_Required action_. Taking the line with "Wenn es zu regnen" as the first and the line with "Portret księdza Zygmunta" as the last, set down exactly every line in that range from the entries below, and no more.

_Extracted material_.
--------------------------------
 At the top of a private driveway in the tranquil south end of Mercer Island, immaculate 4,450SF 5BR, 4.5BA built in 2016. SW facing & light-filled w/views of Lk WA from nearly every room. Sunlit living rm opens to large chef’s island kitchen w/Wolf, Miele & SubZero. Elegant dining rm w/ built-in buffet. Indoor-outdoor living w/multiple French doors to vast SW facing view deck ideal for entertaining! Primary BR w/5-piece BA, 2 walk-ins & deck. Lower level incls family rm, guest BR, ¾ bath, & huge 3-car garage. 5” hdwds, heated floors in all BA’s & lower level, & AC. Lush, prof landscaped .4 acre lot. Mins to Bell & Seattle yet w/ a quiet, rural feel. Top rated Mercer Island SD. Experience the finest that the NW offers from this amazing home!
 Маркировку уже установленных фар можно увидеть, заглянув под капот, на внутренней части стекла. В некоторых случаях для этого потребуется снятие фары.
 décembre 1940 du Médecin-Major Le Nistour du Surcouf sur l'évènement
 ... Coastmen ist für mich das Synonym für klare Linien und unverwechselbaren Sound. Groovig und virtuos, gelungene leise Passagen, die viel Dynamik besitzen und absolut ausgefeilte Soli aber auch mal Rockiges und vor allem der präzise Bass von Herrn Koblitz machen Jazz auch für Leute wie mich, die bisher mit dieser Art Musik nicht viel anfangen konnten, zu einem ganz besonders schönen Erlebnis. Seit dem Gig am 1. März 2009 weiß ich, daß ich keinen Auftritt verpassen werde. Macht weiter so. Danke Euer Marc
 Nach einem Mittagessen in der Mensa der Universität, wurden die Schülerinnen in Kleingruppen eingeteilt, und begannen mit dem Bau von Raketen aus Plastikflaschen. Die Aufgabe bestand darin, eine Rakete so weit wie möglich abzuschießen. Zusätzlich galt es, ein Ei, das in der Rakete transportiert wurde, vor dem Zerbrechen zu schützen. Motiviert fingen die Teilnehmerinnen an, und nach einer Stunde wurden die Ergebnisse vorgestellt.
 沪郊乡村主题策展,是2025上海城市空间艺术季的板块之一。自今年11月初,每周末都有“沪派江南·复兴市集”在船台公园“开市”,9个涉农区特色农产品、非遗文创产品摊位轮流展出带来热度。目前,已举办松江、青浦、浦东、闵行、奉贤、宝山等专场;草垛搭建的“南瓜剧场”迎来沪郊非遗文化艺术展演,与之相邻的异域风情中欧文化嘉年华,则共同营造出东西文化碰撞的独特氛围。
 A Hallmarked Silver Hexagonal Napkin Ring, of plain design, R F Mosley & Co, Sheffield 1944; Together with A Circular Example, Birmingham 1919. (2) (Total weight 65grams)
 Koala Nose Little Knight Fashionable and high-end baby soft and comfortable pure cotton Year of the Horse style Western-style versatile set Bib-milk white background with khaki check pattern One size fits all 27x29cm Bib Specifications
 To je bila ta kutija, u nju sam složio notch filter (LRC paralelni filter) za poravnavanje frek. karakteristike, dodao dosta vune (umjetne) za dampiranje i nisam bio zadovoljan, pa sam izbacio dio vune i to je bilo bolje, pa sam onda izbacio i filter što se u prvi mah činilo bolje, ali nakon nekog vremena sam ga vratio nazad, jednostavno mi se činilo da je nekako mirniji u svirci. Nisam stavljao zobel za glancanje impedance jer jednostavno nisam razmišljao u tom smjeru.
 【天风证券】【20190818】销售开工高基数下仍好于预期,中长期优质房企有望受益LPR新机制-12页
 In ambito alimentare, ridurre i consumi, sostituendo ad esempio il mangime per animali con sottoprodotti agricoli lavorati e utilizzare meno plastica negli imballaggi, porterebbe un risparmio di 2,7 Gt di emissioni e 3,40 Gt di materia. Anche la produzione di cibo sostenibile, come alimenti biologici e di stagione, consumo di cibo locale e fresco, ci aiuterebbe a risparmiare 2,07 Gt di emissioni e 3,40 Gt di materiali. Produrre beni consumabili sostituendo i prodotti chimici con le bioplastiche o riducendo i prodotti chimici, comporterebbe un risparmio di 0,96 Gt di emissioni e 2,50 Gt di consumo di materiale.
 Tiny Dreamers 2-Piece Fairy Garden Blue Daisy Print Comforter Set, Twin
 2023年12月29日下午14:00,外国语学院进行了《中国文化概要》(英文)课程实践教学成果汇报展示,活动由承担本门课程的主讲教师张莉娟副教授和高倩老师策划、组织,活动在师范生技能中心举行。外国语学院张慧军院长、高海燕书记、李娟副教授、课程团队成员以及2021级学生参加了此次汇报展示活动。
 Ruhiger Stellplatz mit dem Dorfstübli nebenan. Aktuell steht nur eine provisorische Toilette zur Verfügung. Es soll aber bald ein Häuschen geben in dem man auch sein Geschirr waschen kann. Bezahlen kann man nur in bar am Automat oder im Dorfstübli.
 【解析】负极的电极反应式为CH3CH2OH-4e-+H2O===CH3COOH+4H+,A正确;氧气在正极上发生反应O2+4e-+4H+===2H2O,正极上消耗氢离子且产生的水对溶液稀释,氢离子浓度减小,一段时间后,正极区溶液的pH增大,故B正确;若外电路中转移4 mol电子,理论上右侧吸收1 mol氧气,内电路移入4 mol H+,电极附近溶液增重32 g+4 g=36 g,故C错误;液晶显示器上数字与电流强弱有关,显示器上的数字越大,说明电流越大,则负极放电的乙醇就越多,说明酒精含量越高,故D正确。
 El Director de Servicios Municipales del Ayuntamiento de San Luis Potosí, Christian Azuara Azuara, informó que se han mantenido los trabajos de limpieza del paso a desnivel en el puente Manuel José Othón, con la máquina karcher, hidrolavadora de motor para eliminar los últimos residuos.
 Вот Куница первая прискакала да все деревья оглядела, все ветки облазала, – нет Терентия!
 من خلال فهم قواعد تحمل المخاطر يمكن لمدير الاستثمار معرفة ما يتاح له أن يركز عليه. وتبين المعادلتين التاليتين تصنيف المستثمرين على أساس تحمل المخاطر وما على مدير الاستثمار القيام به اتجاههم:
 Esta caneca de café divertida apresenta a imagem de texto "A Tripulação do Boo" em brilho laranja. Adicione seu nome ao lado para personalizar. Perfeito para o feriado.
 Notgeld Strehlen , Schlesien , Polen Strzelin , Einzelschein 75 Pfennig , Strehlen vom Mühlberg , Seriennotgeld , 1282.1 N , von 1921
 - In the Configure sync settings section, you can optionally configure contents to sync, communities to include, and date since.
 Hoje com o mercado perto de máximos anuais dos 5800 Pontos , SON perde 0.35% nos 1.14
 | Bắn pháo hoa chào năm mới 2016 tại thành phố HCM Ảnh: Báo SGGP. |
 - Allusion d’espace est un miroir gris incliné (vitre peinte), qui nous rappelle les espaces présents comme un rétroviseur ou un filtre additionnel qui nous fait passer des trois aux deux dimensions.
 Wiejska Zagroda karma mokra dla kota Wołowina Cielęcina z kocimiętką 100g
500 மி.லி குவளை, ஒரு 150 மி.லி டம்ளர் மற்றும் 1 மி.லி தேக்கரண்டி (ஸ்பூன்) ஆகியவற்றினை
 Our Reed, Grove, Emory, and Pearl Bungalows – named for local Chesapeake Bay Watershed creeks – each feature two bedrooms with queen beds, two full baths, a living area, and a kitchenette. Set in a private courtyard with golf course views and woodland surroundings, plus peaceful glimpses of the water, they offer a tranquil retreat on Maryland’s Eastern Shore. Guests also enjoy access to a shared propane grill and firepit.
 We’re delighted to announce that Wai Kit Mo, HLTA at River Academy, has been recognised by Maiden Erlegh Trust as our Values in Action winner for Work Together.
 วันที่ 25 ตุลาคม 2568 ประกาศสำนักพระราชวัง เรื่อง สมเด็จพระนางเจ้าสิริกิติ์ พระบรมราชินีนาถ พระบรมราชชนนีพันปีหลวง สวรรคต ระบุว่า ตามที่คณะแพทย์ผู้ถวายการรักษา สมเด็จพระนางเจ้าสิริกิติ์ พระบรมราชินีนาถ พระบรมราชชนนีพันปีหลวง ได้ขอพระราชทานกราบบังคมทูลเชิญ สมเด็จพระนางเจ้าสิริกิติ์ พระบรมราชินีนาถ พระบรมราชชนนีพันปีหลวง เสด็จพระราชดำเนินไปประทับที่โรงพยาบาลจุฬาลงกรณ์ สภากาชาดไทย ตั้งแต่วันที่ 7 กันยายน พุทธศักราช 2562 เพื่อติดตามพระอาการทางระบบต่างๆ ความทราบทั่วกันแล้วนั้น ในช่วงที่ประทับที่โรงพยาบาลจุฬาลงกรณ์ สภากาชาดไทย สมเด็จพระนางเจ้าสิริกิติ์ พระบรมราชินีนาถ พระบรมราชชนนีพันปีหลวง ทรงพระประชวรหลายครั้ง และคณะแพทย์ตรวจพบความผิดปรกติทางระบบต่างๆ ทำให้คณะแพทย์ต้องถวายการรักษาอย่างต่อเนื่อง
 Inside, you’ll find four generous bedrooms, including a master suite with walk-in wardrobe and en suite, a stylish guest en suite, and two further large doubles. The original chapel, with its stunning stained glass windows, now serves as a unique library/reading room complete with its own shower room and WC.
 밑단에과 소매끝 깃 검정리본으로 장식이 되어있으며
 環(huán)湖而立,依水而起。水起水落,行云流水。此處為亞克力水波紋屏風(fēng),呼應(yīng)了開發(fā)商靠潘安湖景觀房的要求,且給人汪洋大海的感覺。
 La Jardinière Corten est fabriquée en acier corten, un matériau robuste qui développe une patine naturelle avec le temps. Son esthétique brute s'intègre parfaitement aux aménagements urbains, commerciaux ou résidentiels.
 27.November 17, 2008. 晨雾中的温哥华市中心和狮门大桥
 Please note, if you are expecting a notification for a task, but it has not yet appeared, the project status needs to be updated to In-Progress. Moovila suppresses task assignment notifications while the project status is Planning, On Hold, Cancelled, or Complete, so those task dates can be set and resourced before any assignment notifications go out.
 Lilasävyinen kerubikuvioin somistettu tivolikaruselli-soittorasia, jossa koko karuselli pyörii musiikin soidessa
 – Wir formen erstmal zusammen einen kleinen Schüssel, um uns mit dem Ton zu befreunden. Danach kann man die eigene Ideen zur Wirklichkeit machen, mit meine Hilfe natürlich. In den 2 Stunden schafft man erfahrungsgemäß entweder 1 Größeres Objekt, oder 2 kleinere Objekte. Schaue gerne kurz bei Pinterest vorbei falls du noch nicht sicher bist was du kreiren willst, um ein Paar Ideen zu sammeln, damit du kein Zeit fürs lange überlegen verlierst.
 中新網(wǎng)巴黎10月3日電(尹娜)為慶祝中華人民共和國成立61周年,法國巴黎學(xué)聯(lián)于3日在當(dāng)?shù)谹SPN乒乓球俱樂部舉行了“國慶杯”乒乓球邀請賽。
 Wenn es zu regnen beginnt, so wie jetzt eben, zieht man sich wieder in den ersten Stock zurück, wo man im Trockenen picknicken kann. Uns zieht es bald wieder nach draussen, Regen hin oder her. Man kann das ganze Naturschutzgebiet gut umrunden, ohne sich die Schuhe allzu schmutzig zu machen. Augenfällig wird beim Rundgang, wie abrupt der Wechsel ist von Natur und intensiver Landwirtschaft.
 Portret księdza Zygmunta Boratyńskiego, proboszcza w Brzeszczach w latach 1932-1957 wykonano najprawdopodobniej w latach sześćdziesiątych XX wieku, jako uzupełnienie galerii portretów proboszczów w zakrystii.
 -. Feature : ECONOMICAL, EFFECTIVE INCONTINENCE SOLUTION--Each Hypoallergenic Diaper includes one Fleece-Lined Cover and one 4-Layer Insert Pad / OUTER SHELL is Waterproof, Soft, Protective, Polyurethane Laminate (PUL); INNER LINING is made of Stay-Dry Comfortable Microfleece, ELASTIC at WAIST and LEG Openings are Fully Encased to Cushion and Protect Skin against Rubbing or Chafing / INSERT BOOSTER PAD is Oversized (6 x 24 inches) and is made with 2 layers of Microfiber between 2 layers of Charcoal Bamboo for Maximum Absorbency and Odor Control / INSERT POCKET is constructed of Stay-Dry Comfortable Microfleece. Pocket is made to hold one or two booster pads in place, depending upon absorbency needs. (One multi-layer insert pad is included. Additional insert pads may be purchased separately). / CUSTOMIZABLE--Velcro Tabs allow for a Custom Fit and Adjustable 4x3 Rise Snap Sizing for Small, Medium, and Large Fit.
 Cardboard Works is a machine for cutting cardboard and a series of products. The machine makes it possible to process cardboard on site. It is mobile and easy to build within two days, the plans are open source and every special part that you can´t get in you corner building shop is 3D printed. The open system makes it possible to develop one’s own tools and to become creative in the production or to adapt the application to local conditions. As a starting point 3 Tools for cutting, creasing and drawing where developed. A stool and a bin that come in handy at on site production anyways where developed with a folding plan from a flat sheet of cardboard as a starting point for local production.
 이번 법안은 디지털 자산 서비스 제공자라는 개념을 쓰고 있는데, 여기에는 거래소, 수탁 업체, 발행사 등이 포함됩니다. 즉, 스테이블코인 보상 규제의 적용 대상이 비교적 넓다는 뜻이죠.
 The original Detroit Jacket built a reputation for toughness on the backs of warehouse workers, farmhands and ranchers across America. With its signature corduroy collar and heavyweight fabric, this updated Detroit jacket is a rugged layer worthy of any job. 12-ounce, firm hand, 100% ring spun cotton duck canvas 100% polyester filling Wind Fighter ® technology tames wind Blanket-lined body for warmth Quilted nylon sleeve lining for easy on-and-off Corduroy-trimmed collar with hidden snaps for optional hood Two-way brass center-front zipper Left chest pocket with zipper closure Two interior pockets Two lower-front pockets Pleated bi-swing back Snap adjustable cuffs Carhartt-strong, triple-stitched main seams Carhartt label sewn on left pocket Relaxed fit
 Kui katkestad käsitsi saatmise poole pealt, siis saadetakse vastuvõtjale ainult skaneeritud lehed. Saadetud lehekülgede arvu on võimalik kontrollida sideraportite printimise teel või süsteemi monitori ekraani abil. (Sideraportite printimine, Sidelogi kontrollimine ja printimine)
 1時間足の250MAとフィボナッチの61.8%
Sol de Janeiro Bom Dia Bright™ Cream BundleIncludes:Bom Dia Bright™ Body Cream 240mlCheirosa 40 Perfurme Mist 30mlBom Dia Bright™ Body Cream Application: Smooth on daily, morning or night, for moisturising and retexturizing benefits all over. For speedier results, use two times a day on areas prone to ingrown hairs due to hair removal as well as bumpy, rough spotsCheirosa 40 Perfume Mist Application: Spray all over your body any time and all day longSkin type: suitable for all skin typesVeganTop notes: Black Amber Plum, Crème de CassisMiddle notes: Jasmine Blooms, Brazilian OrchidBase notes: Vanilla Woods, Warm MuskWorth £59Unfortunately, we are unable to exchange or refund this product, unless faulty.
--------------------------------
_Answer box_.
 Wenn es zu regnen beginnt, so wie jetzt eben, zieht man sich wieder in den ersten Stock zurück, wo man im Trockenen picknicken kann. Uns zieht es bald wieder nach draussen, Regen hin oder her. Man kann das ganze Naturschutzgebiet gut umrunden, ohne sich die Schuhe allzu schmutzig zu machen. Augenfällig wird beim Rundgang, wie abrupt der Wechsel ist von Natur und intensiver Landwirtschaft.
 Portret księdza Zygmunta Boratyńskiego, proboszcza w Brzeszczach w latach 1932-1957 wykonano najprawdopodobniej w latach sześćdziesiątych XX wieku, jako uzupełnienie galerii portretów proboszczów w zakrystii.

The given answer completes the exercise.